Our current game has some grittiness with a Heroic/Epic overarching plot...although that's subject to change with player choices.  If you'd like to read a bit about the world...I write up the Story Hour here on Enworld.  That should give any prospective players a decent feel for the world and some of the other characters...as well as the players that comment.

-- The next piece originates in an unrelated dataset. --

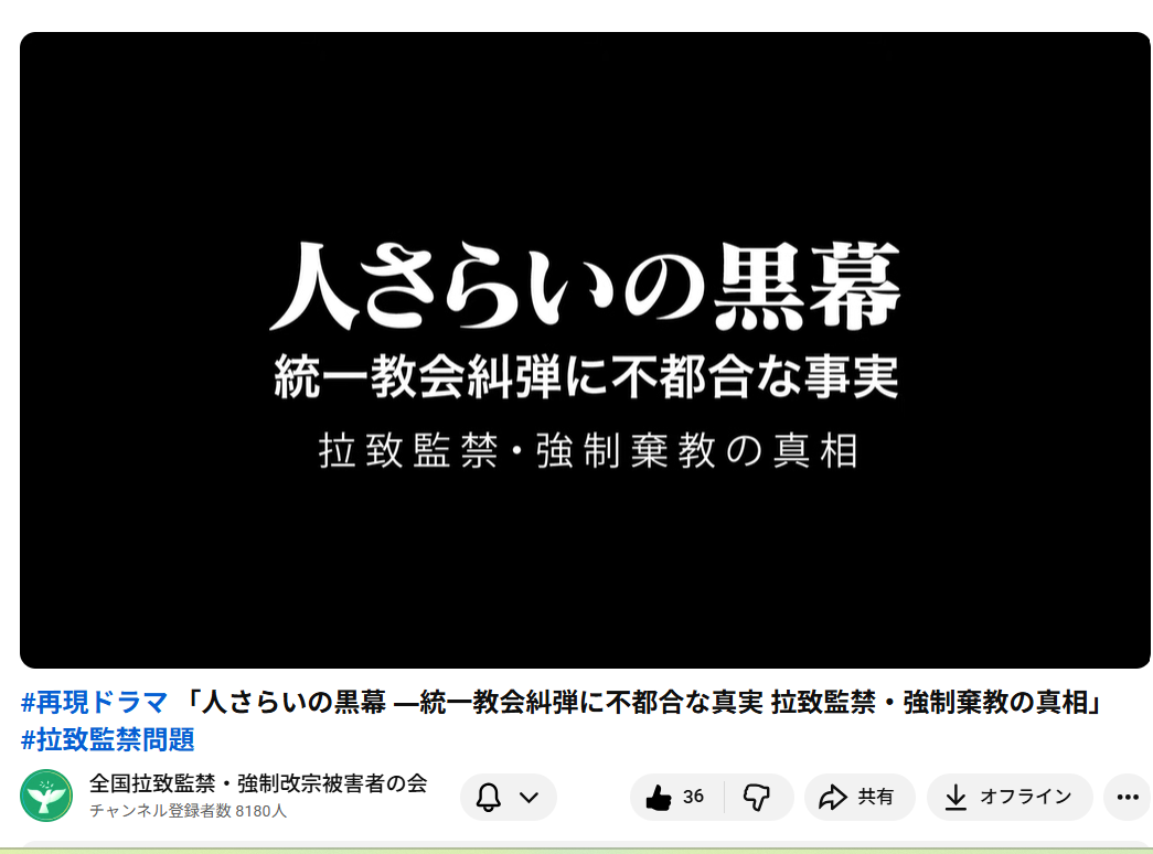 #再現ドラマ 「人さらいの黒幕 ―統一教会糾弾に不都合な真実 拉致監禁・強制棄教の真相」2025/11/29なぜ医師が“人さらい”に遭ったのか? ̄ ̄ ̄ ̄ ̄ ̄ ̄ ̄ ̄ ̄ ̄ ̄ ̄ ̄ ̄ ̄ ̄「入院患者15名を抱えていた自分が、まさか拉致監禁されるとは…」──医師・小出浩久氏(『人さらいからの脱出』より)本作は、小出浩久氏の著書である「人さらいからの脱出」より、“ #衝撃の実話 ”を原案とした映像作品です。 ̄ ̄ ̄ ̄ ̄ ̄ ̄ ̄ ̄ ̄ ̄ ̄ ̄ ̄ ̄ ̄ ̄全国拉致監禁・強制改宗被害者の会がおくる、拉致監禁被害を世に伝える決定版映像(再現ドラマ)です。先立って拉致監禁再現映像を自主製作された、「劇団孝情新居浜」の劇団員たちと、全国から公募された出演者が熱演した拉致監禁再現パートと、国際弁護士である中山達樹氏による解説パートの2つから構成されています。見る人に拉致監禁の苛烈な被害と問題点を投げかける、渾身の映像です。 ̄ ̄ ̄ ̄ ̄ ̄ ̄ ̄ ̄ ̄ ̄ ̄ ̄ ̄ ̄ ̄ ̄||◤全国拉致監禁強制改宗被害者の会ウェブサイト◥||https://kidnapping.jp/【中古】 人さらいからの脱出 違法監禁に二年間耐えぬいた医師の証言 / 小出 浩久 / 光言社 [単行本(ソフトカバー)]【ネコポス発送】一休さんのような機知(トンチ)ではありません。奇知=人とは異なる知恵すなわち神様の知恵世界平和を願う奇知の外の凡人が徒然なるがままに書く日記です。↓↓ にほんブログ村ランキング参加中。応援クリックお願いします。↓↓
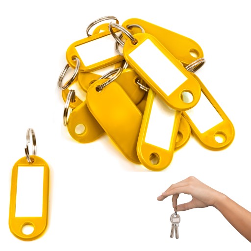 Posiadają wsuwaną karteczkę opisową do części zasadniczej kolorowej oraz kółeczko łączące je z kluczami

If this sounds like your type of group, you can shoot me an email:  ronjr AT psaltd DOT com.  We could meet outside the game to see how our personalities fit or you could just pop in on our next game day if you want.  We use a yahoo group to coordinate games, information, some roleplaying, etc. and I can invite you to that if you're interested...there is also some world info uploaded there as well.

~Fune


----------



## Funeris (Nov 18, 2005)

23 views, no posts, & one email.....so....*BUMP*


----------



## TheYeti1775 (Nov 18, 2005)

24 views *S*

Yeti here I play Cassock the Cleric in the above Story Hour.

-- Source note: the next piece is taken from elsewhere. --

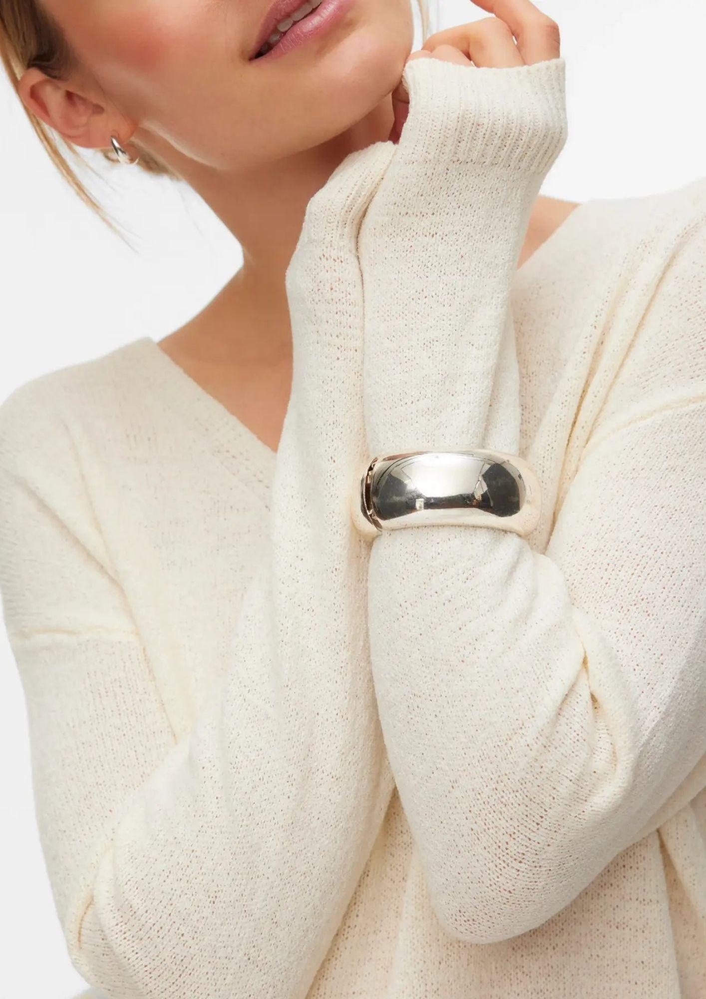 Maglione lavorato a maglia con scollo a V e maniche lunghe, spalle scese, regular fit.

I won't go into the indepth personal ad like above   
but me diehard..... well ok you got me.

If your down in the Springfield area it is where I drive over to Leesburg from and back on game nights.  So if lack of transportation is a problem, speak up anyways.

And if nothing else read his story hours and tell him to update already.  You can find the links to his in my sig.

Yeti


----------



## attorneydc (Nov 18, 2005)

*Gaming This Weekend*

I am running a game in Springfield, VA this weekend.  I'd love to find 1-2 more players to join my group, temporarily or more permanently.

E-mail if interested at attorneydc@yahoo.com


----------



## Funeris (Nov 18, 2005)

attorneydc,

have you tried the Northern Virginia Gamers Group as well?  I know that--unfortunately--I'm occupied all this weekend and the next...holidays and all that good jazz.  Otherwise I'd have been there.  And Yeti lives in Springfield...maybe you can lead him astray for a bit.

Thanks anyway.

~Fune


----------



## Funeris (Nov 28, 2005)

Ok, quick update.  I'm not looking for anymore players at the moment.

~Fune


----------